**Problem to solve:**
Reproduce the listing in full, pictures excluded.

--- Entries shown ---

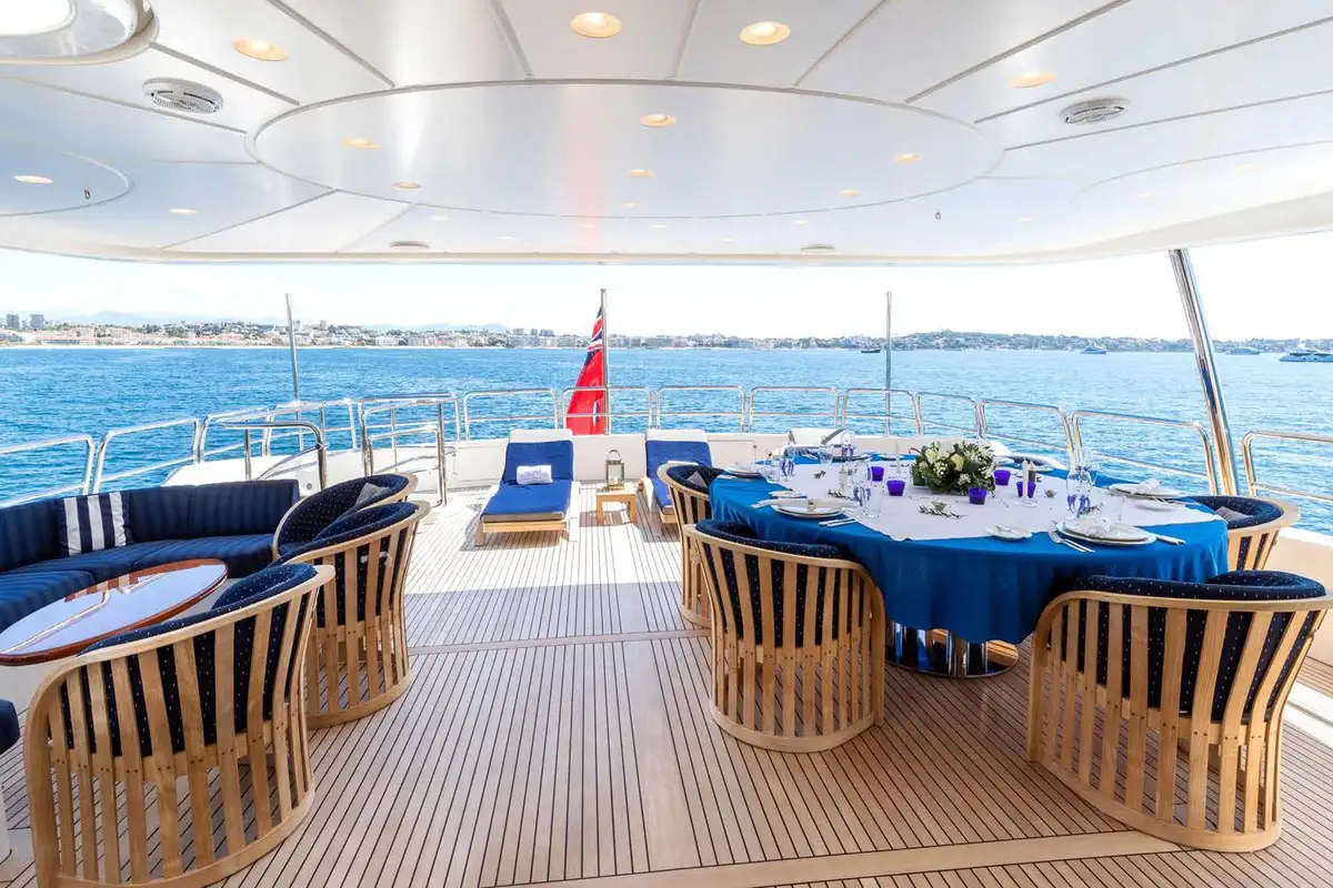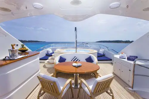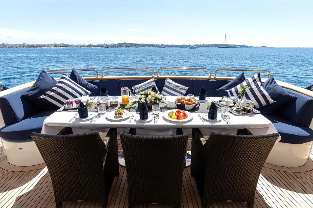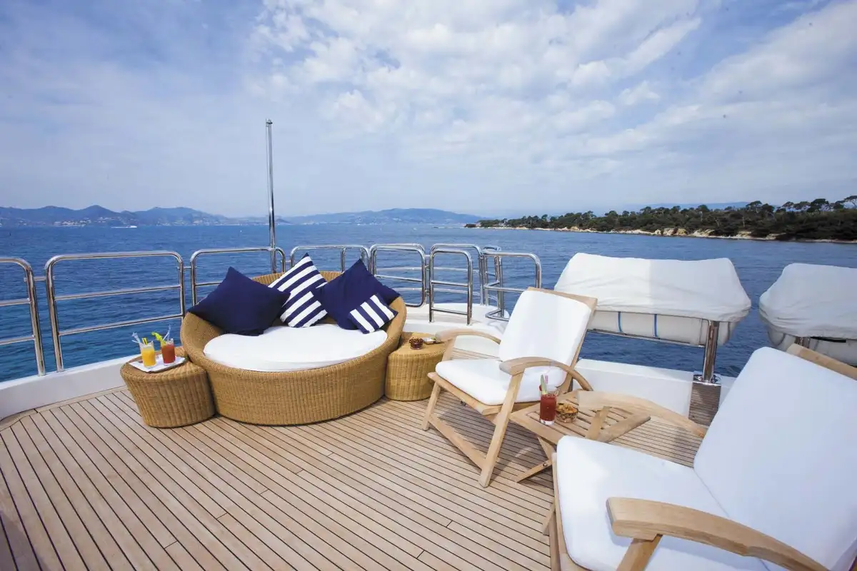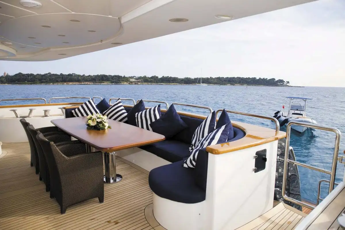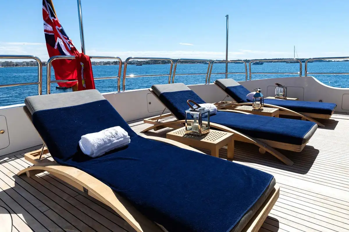 Her exterior spaces are thoughtfully designed for every mood and moment. The expansive sundeck features loungers, a jacuzzi, and shaded dining, while the main aft deck provides a welcoming spot for al fresco breakfasts or evening cocktails. With ample space across three decks, there’s always a perfect place to soak up the sun or enjoy the breeze in the shade.
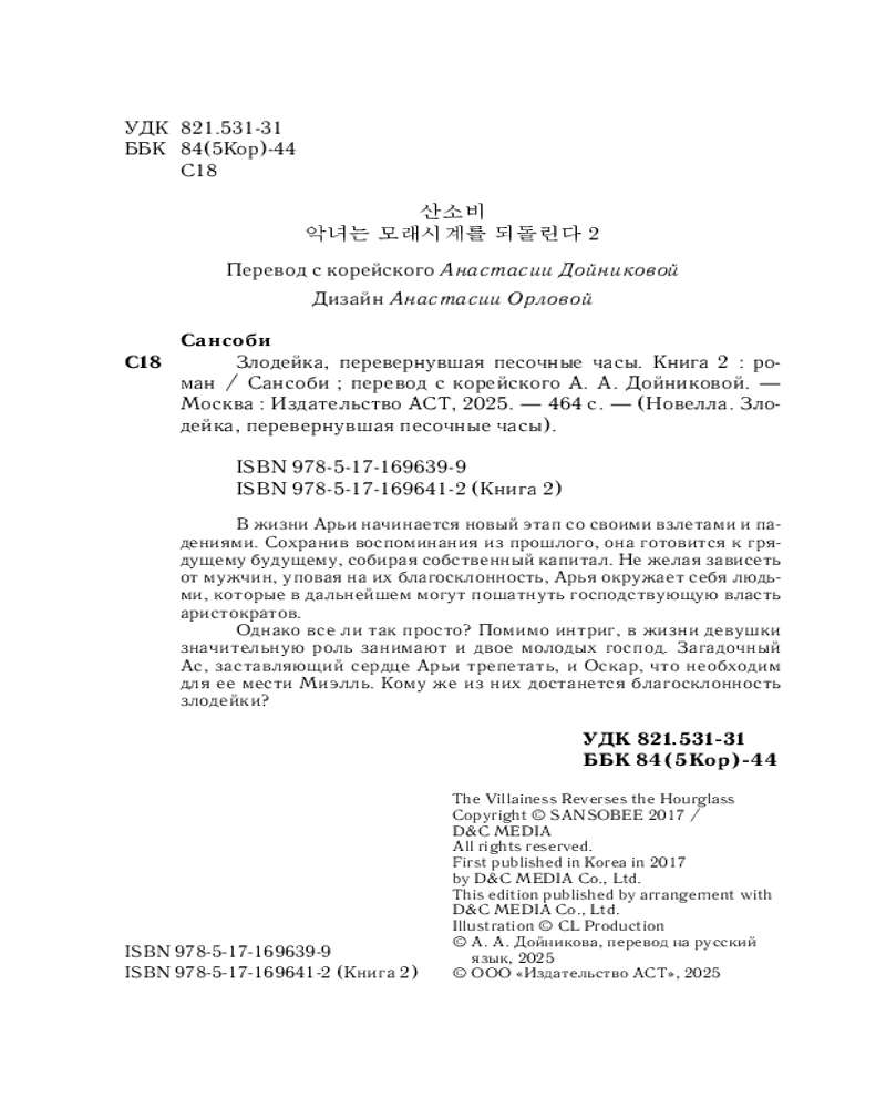 💳 Оплатить за товар можно при получении 🇰🇿 Есть бесплатная доставка по Казахстану от 1 дня 🎁 Копите бонусы с каждой покупки Серия: Новелла. Злодейка, перевернувшая песочные часы В жизни Арьи начинается новый этап со своими взлетами и падениями. Сохранив воспоминания из прошлого, она готовится к грядущему будущему, собирая собственный капитал. Не желая зависеть от мужчин, уповая на их благосклонность, Арья окружает себя людьми, которые в дальнейшем могут пошатнуть господствующую власть аристократов. Однако все ли так просто? Помимо интриг, в жизни девушки значительную роль занимают и двое молодых господ. Загадочный Ас, заставляющий сердце Арьи трепетать, и Оскар, что необходим для ее мести Миэлль. Кому же из них достанется благосклонность злодейки? |
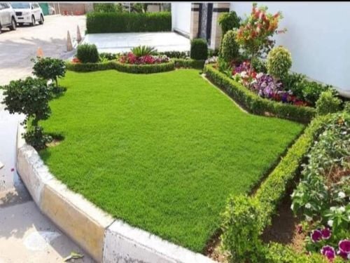 plant green grass and palms, make a modern irrigation network, plant permanent roses, and make all decorations
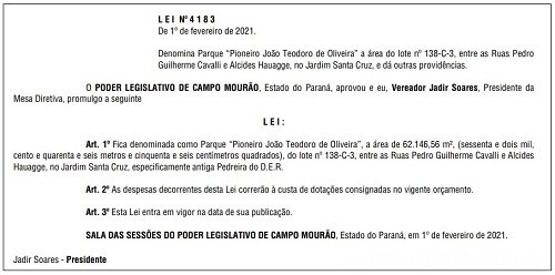 A lei foi promulgada nesta terça-feira pelo presidente da Câmara de Campo Mourão, Jadir Pepita.
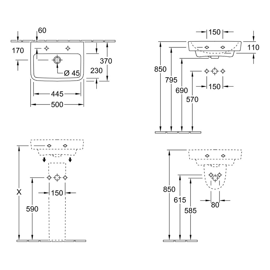 Villeroy & Boch O.novo 2.0 500 Wall Basin, without Overflow
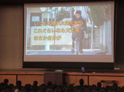 2学期の終業式を行いました。1限に体育館で全校生徒が集合し、最初に「自転車事故が多発する中学生の時期にぜひ知っておいてもらいたいこと」というテーマに、スマホしながら運転することの危険性を科学的に説明したビデオを鑑賞しました。年末年始の慌ただしい時期に事故を防ぐ意味からも十分理解してほしい内容でした。安全な冬休みを過ごしてください。 -
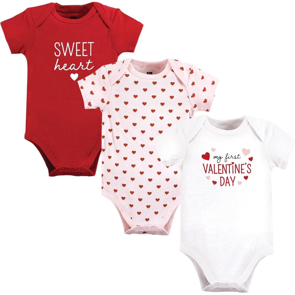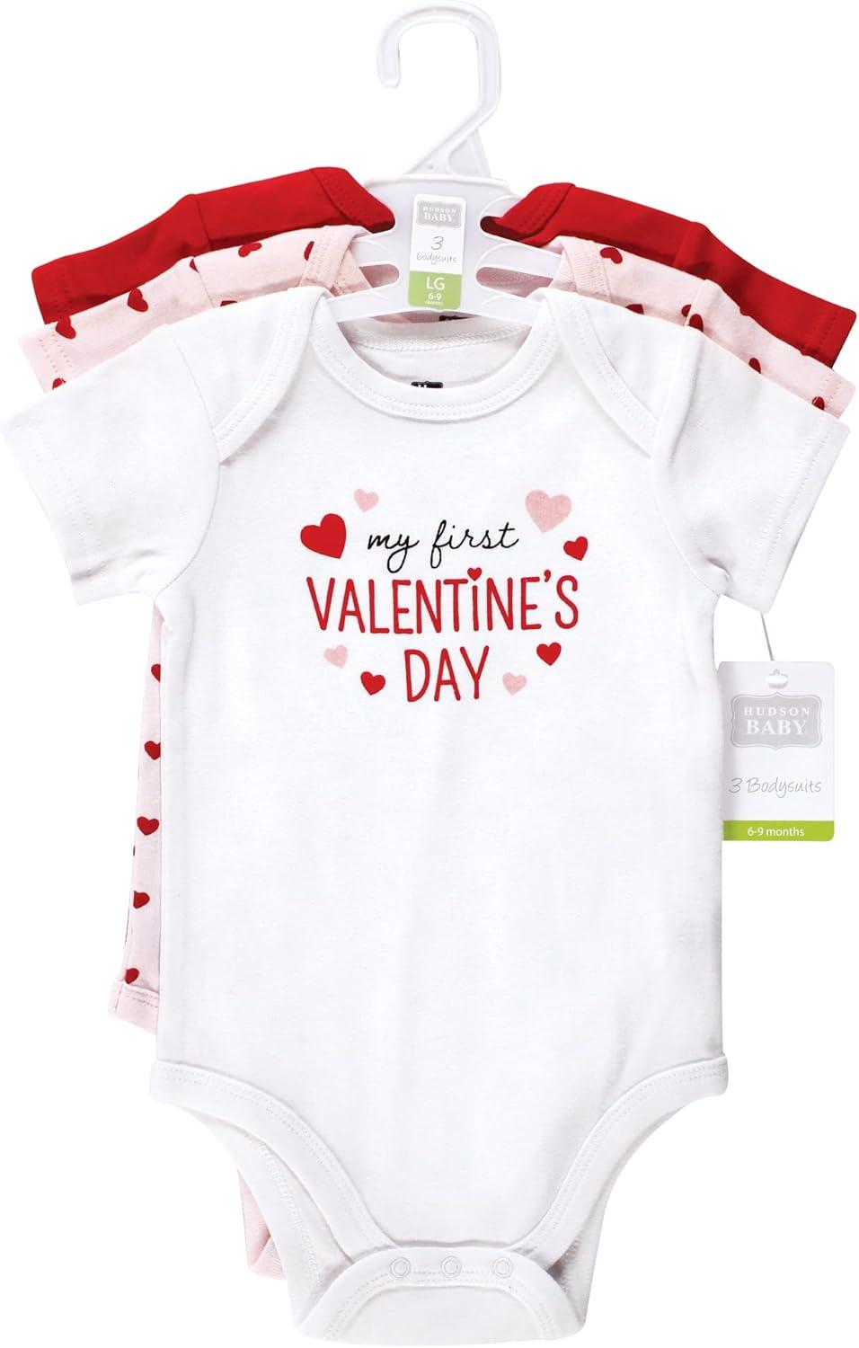 Hudson Baby baby-girls Cotton Bodysuits 3-pack(Valentine Sweetheart)

---

**Expected answer:**
 Her exterior spaces are thoughtfully designed for every mood and moment. The expansive sundeck features loungers, a jacuzzi, and shaded dining, while the main aft deck provides a welcoming spot for al fresco breakfasts or evening cocktails. With ample space across three decks, there’s always a perfect place to soak up the sun or enjoy the breeze in the shade.
 💳 Оплатить за товар можно при получении 🇰🇿 Есть бесплатная доставка по Казахстану от 1 дня 🎁 Копите бонусы с каждой покупки Серия: Новелла. Злодейка, перевернувшая песочные часы В жизни Арьи начинается новый этап со своими взлетами и падениями. Сохранив воспоминания из прошлого, она готовится к грядущему будущему, собирая собственный капитал. Не желая зависеть от мужчин, уповая на их благосклонность, Арья окружает себя людьми, которые в дальнейшем могут пошатнуть господствующую власть аристократов. Однако все ли так просто? Помимо интриг, в жизни девушки значительную роль занимают и двое молодых господ. Загадочный Ас, заставляющий сердце Арьи трепетать, и Оскар, что необходим для ее мести Миэлль. Кому же из них достанется благосклонность злодейки? |
 plant green grass and palms, make a modern irrigation network, plant permanent roses, and make all decorations
 A lei foi promulgada nesta terça-feira pelo presidente da Câmara de Campo Mourão, Jadir Pepita.
 Villeroy & Boch O.novo 2.0 500 Wall Basin, without Overflow
 2学期の終業式を行いました。1限に体育館で全校生徒が集合し、最初に「自転車事故が多発する中学生の時期にぜひ知っておいてもらいたいこと」というテーマに、スマホしながら運転することの危険性を科学的に説明したビデオを鑑賞しました。年末年始の慌ただしい時期に事故を防ぐ意味からも十分理解してほしい内容でした。安全な冬休みを過ごしてください。 -
 Hudson Baby baby-girls Cotton Bodysuits 3-pack(Valentine Sweetheart)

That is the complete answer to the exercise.